◆ What to produce ◆
Retype every line of the data below, starting with the first and ending with the line that contains "Чайник электрический Великие", but leave out the pictures.

◆ Input data ◆
--

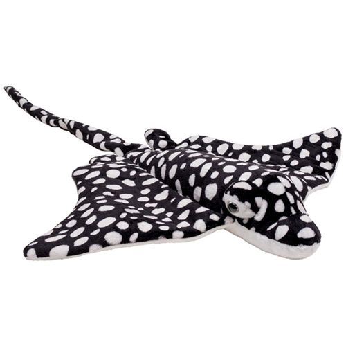 Prémium minőségű, Nature Planet márkájú, 68 cm hosszú élethű fekete-fehér, foltos plüss sasrája, műanyag szemekkel.
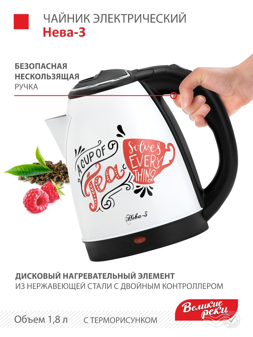 Чайник электрический Великие реки Нева-3 1500Вт, 1,8л с термическим рисунком
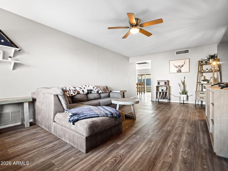 Listing details for 3233 Mandalay Ln, Phoenix, AZ 85053 : Priced to Sell! No HOA, Beautiful 3 Bedroom, 2 Bath, Single Story Home, Open Kitchen with White Shaker Cabinets, Quartz Countertops, Recessed Lighting, Stainless Steel Appliances, Eat-In Kitchen, Spacious Family Room, Vinyl Wood Plank Flooring, Carpet in Bedrooms, Spacious Master Bedroom, Walk In Closet, 2 Car Garage w/Extra Worksop space, RV Gate access from Backyard, and Large Backyard. Don't miss out on this home!

--

◆ Completed exercise ◆
 Prémium minőségű, Nature Planet márkájú, 68 cm hosszú élethű fekete-fehér, foltos plüss sasrája, műanyag szemekkel.
 Чайник электрический Великие реки Нева-3 1500Вт, 1,8л с термическим рисунком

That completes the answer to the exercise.